In many ways, I have done what I set out to do with my Mitchell year: I traveled, I studied, I met amazing people, I did work I am proud of, and I am leaving with a more complete understanding of myself and my goals. I am so glad that I had the chance to study human rights and international law from this particular vantage point, seeing global issues through the particular frame of a staunchly peaceful country from this European perspective. Some of the people I have met in my classes and in my volunteer work are folks I hope to maintain as friends and touchstones over the long term. I feel fulfilled, and tremendously grateful.
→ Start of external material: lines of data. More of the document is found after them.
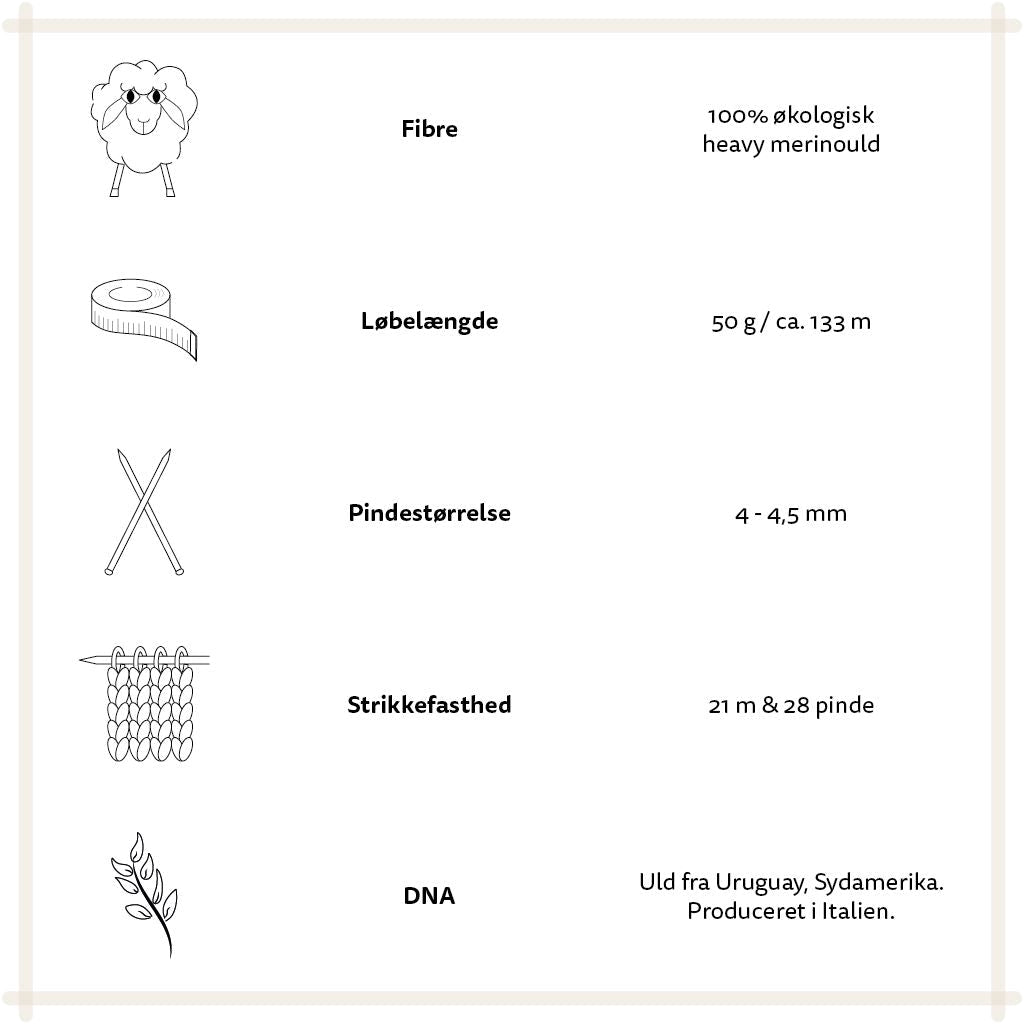 Skab noget enestående med dette økologiske merinouldgarn. Den bløde og kradsefri kvalitet er perfekt til at skabe tidløse designs, der bevarer deres skønhed år efter år. Garnet er i samme kvalitet som Önling No 4, blot kraftigere. Det er let at arbejde med og giver flotte resultater, både strikket alene eller sammen med andet garn.
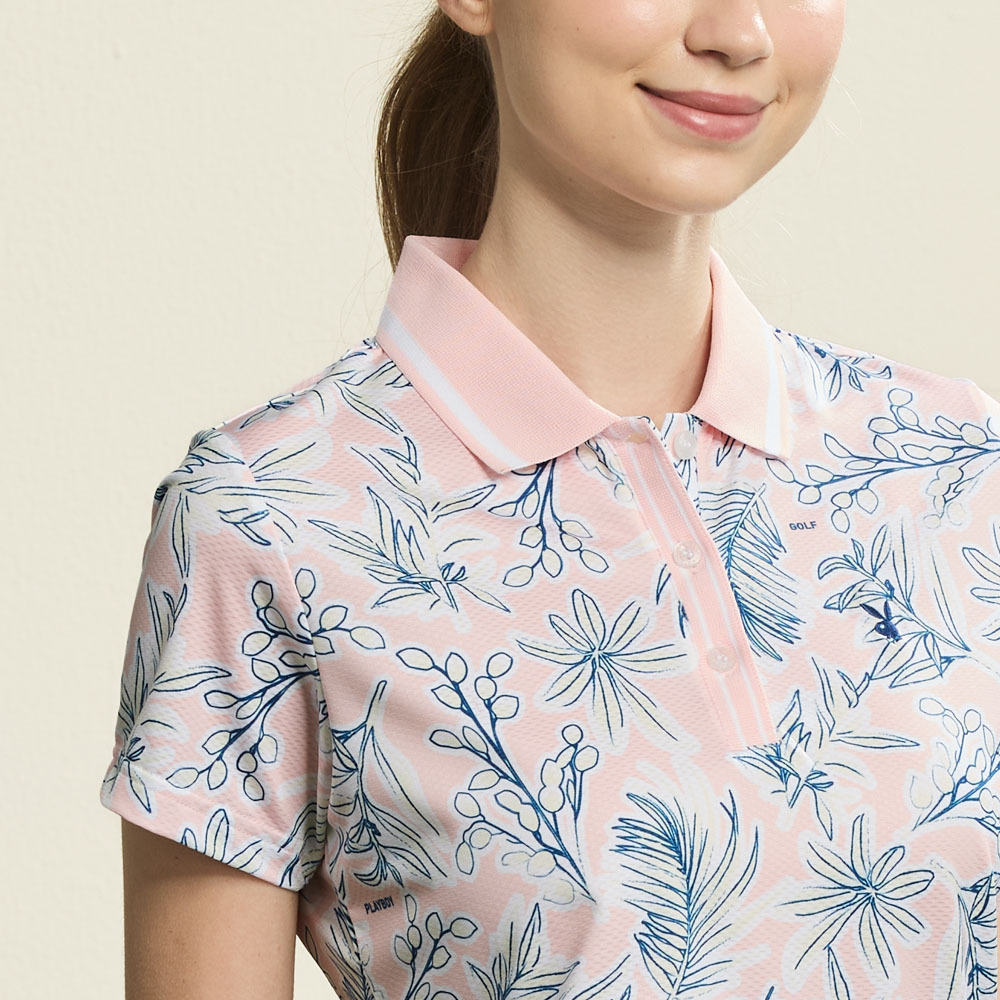 【PLAYBOY GOLF】女款橄欖葉吸濕排汗短袖POLO衫-粉橘 / KA26103-23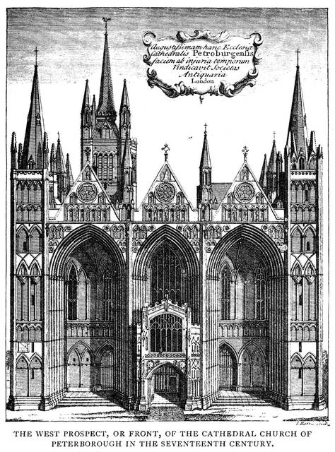 Peterborough Cathedral is known for its imposing Early English Gothic West Front which, with its three enormous arches, is without architectural precedent and with no direct successor. The appearance is slightly asymmetrical, as one of the two towers that rise from behind the façade was never completed (the tower on the right as one faces the building), but this is only visible from a distance.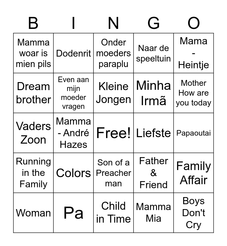 This bingo card has a free space and 52 words: Always on the run, Boys Don't Cry, Carlifornia Dreamin', Child in Time, Colors, Daughter, Dodenrit, Does your Mother Know, Dream brother, Europapa, Even aan mijn moeder vragen, Every Time I Think of You, Family Affair, Father & Friend, Father and Son, Isn't She Lovely, Kleine Jongen, Liefste, Mama - Genesis, Mama - Heintje, Mamma - André Hazes, Mamma Mia, Mamma woar is mien pils, Minha Irmã, M'n Opa, Momma, Mother Stands for Comfort, Mother and Child Reunion, Mother How are you today, My Baby Just Cares for Me, My Boy, Naar de speeltuin, New Born, Oma, Oma's Aan de Top, Onder moeders paraplu, Pa, Papa, Papa Don't Preach, Papa lied, Papa was a Rolling Stone, Papaoutai, Running in the Family, Shame and Scandal in the Family, Son of a Preacher man, Stacy's Mom, Sweet Child O'Mine, Vaders Zoon, Wat's Going on, We are Family, Woman and Your Mother Should Know.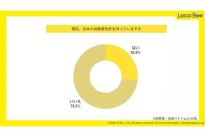 今回のアンケートでは、26.8%の在留ベトナム人が日本の自動車免許を持っているとの回答がありました。

However, I also got a whole dose of experiences I did not expect.

Aside from the above, and my joyful exploration of Ireland’s beauty and culture, this year has been about music. That wasn’t planned. And it’s been about music in this totally offbeat way, which has repeatedly taken me on the road with rock artists from the UK, touring Ireland with some of the big emerging artists.
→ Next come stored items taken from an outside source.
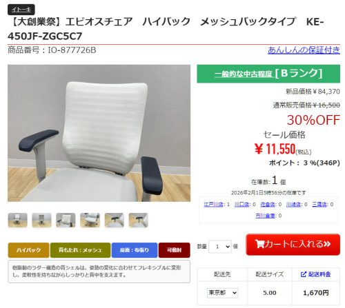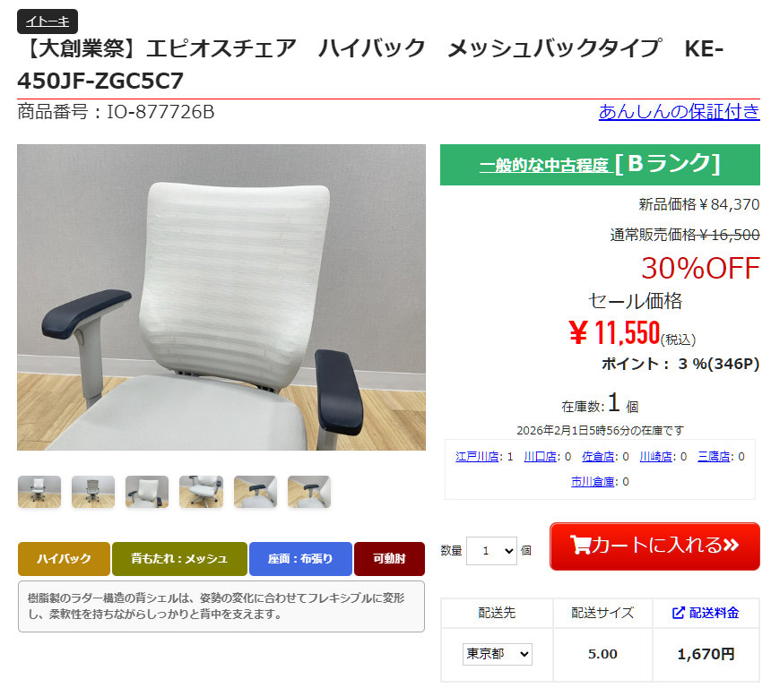 イトーキのエピオスチェア ハイバックは1万1,550円。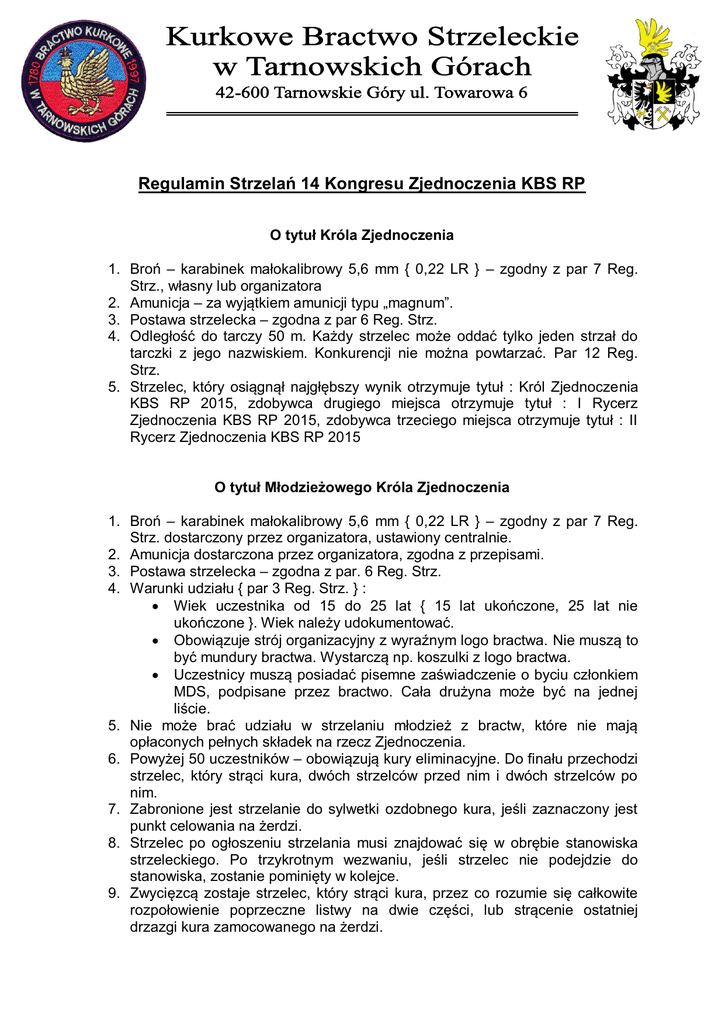 Regulamin Strzelań 14 Kongresu Zjednoczenia KBS RP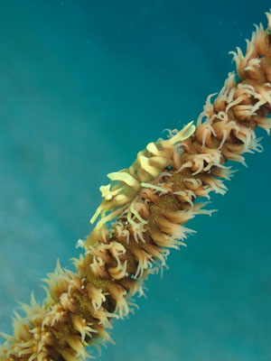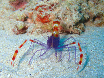 ムチカラマツエビとそっくりですが、背中に角のようなものが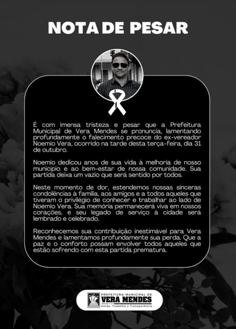 O prefeito do município de Vera Mendes, Carlos José da Silva, o Carlim, divulgou uma Nota de Pesar em que lamenta a morte do ex-vereador Noêmio Vera, destaca a dedicação do mesmo ao município e presta solidariedade aos familiares e amigos.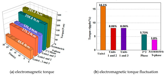 Figure 5 shows the torque curves of the 3* three-phase PMSG and asymmetric 9-phase PMSG. One or two of the generator units are in-service with the same current excitation and the rest are out-of-service. Thus, the torque for each individual unit can be obtained. It can be seen from the Figure 5a that the three-phase generator units 1, 2 or 3 of the 3* three-phase PMSG has the same electromagnetic torque. The electromagnetic torques of generator units 1 and 2 are equal to that of the generator units 1 and 3, which is twice the electromagnetic torque of generator unit 1. The electromagnetic torque of generator units 1–3 (i.e., 3* three-phase generator) is three times that of generator unit 1. It can be concluded that the torque of each generator unit is the same and the total electromagnetic torque of the N* three-phase PMSG is the sum of each generator unit, which means the electromagnetic torque of the generator unit of the N* three-phase PMSG has good independence and superposition characteristics. Figure 5b shows the torque ripple of the asymmetric 9-phase PMSG and 3* three-phase PMSG. It can be seen from the Figure 5b that the torque ripple of the asymmetric 9-phase PMSG is much smaller than that of the 3* three-phase PMSG. The 3* three-phase PMSG is essentially a three-phase generator with FSCW. The winding magnetomotive force contains ample low-order harmonics, such as 5, 7, 11 and 13, which are higher than the of asymmetric 9-phase PMSG. The higher harmonic content of the magnetomotive force increases the torque ripple and reduces the average torque at the same time.

Like several Mitchell Scholars before me, I have become romantically entangled with an Irish guy.   The Gentleman in Question is a music photographer, so I’ve had the chance to witness the music industry from the inside: the joys and struggles of touring; the complexity of the business/artist relationships; and the pure adrenaline-fueled passion of the live performance. I have seen some concerts that left me reeling with joy afterward. I’ve been mistaken for a band manager, have been backstage at the RTE TV recording studios, and have put my writing skills to work as a guest music blogger.

A year and a half ago when I was applying for the Mitchell Scholarship, I never would have imagined that I would spend my year in Ireland partially wrapped up with pop music and the art scene on this side of the world. But I am so glad I did. When I travel, I always try to do one thing that most people don’t get to do. In Chile, it was taking a two-seater flight with a student pilot. This year it’s been seeing Frank Turner perform eight times, and witnessing Bastille front man, Dan Smith, hoist my boyfriend through the suspended ceiling backstage.

It’s meant that my year has been a bit bi-polar. I’ve dashed from a late-night gig to an early-morning meeting with ex-prisoners, or rushed from a class presentation to a sold-out show. I’ve balanced schoolwork with adventure in a way that was of great importance to me, and which is very Irish at its roots: I’ve prioritized relationships and enjoyed the “craic,” and then showed up and got the work done as well.

My Mitchell year has moved me forward with my goals, my academic hopes, and my ever-expanding network in my chosen field.   However, it’s also put me as a ‘guest backup singer’ in front of 3,000 people.  That wasn’t the plan, but it’s made for quite the journey.